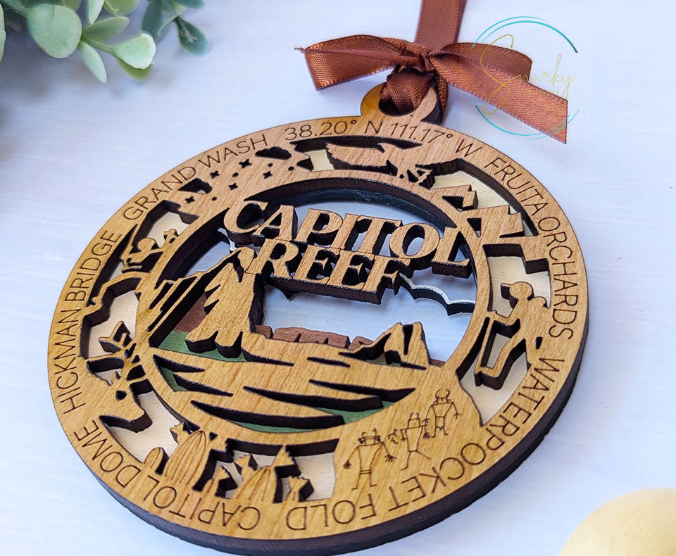 Relive your favorite trip to Capitol Reef National Park with this beautiful handmade wood ornament. Ornaments are hand painted with details from the park and a gorgeous laser cut and engraved cherry wood that features many icons specific to Capitol Reef and words and phrases for that park. These ornaments are great reminders of your favorite family vacation or hiking adventure and make great gifts for the avid hiker or adventurer in your life.
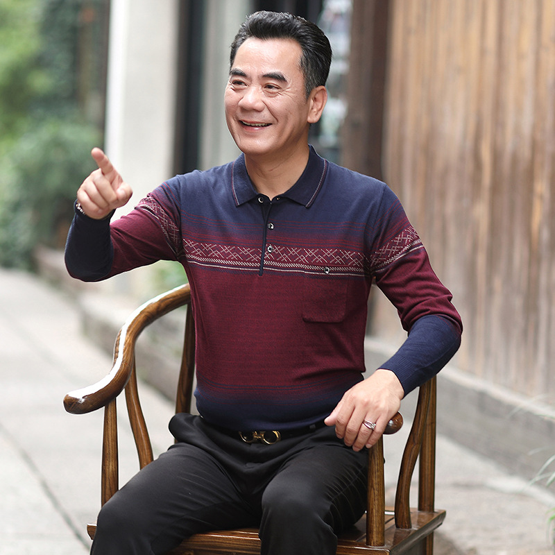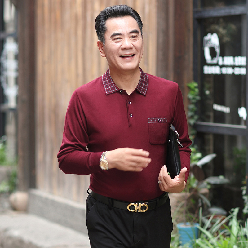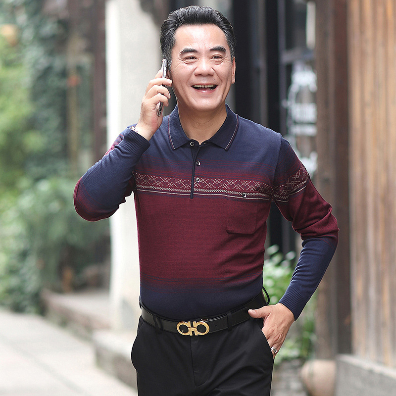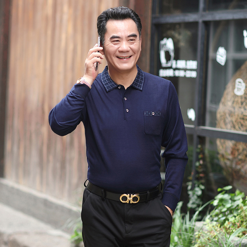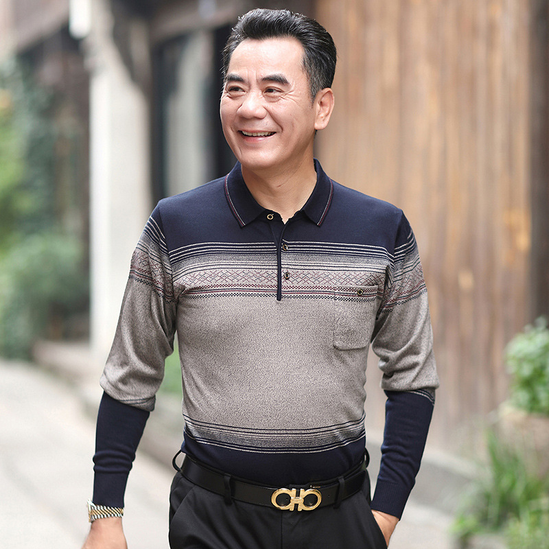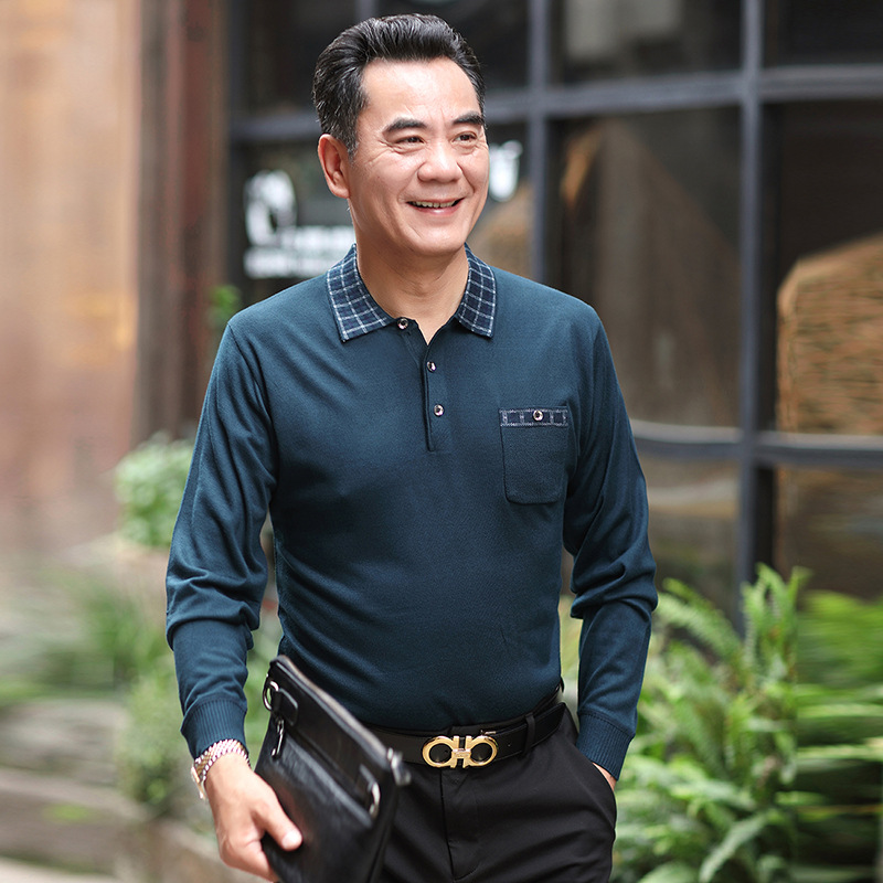Главная страница > Одежда для мужчин среднего и пожилого возраста, одежда для папы, осенняя одежда, мужская футболка с длинным рукавом среднего возраста, трикотажная Базовая рубашка с лацканами, Одежда Для дедушки
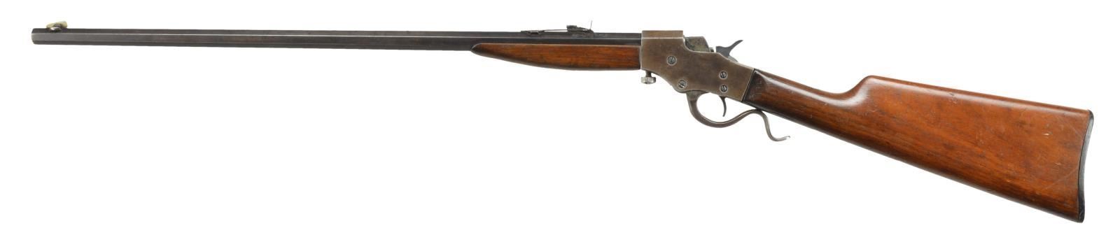 1) S# O719. Oct. bbl. w/ adj. rear sight having replacement elevator. Stevens Favorite hard rubber buttplate. CONDITION: Good bbl. blue fading to brown w/ wear, oxidation & marks. Fair brown patina receiver. Good sanded & refinished stock w/ marks, sm. cracks & few chips. Fair bore. (22-2069/MD)
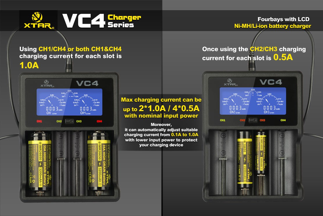 Das XTAR VC4 erkennt automatisch sowohl Li-Ion- als auch NiMH-Akkus und passt den Ladevorgang entsprechend an. Das große LCD-Display liefert Ihnen umfassende Informationen in Echtzeit:
-=-=-
# Task details:
Return the material above verbatim, minus the pictures.

# Expected answer:
 Relive your favorite trip to Capitol Reef National Park with this beautiful handmade wood ornament. Ornaments are hand painted with details from the park and a gorgeous laser cut and engraved cherry wood that features many icons specific to Capitol Reef and words and phrases for that park. These ornaments are great reminders of your favorite family vacation or hiking adventure and make great gifts for the avid hiker or adventurer in your life.
Главная страница > Одежда для мужчин среднего и пожилого возраста, одежда для папы, осенняя одежда, мужская футболка с длинным рукавом среднего возраста, трикотажная Базовая рубашка с лацканами, Одежда Для дедушки
 1) S# O719. Oct. bbl. w/ adj. rear sight having replacement elevator. Stevens Favorite hard rubber buttplate. CONDITION: Good bbl. blue fading to brown w/ wear, oxidation & marks. Fair brown patina receiver. Good sanded & refinished stock w/ marks, sm. cracks & few chips. Fair bore. (22-2069/MD)
 Das XTAR VC4 erkennt automatisch sowohl Li-Ion- als auch NiMH-Akkus und passt den Ladevorgang entsprechend an. Das große LCD-Display liefert Ihnen umfassende Informationen in Echtzeit:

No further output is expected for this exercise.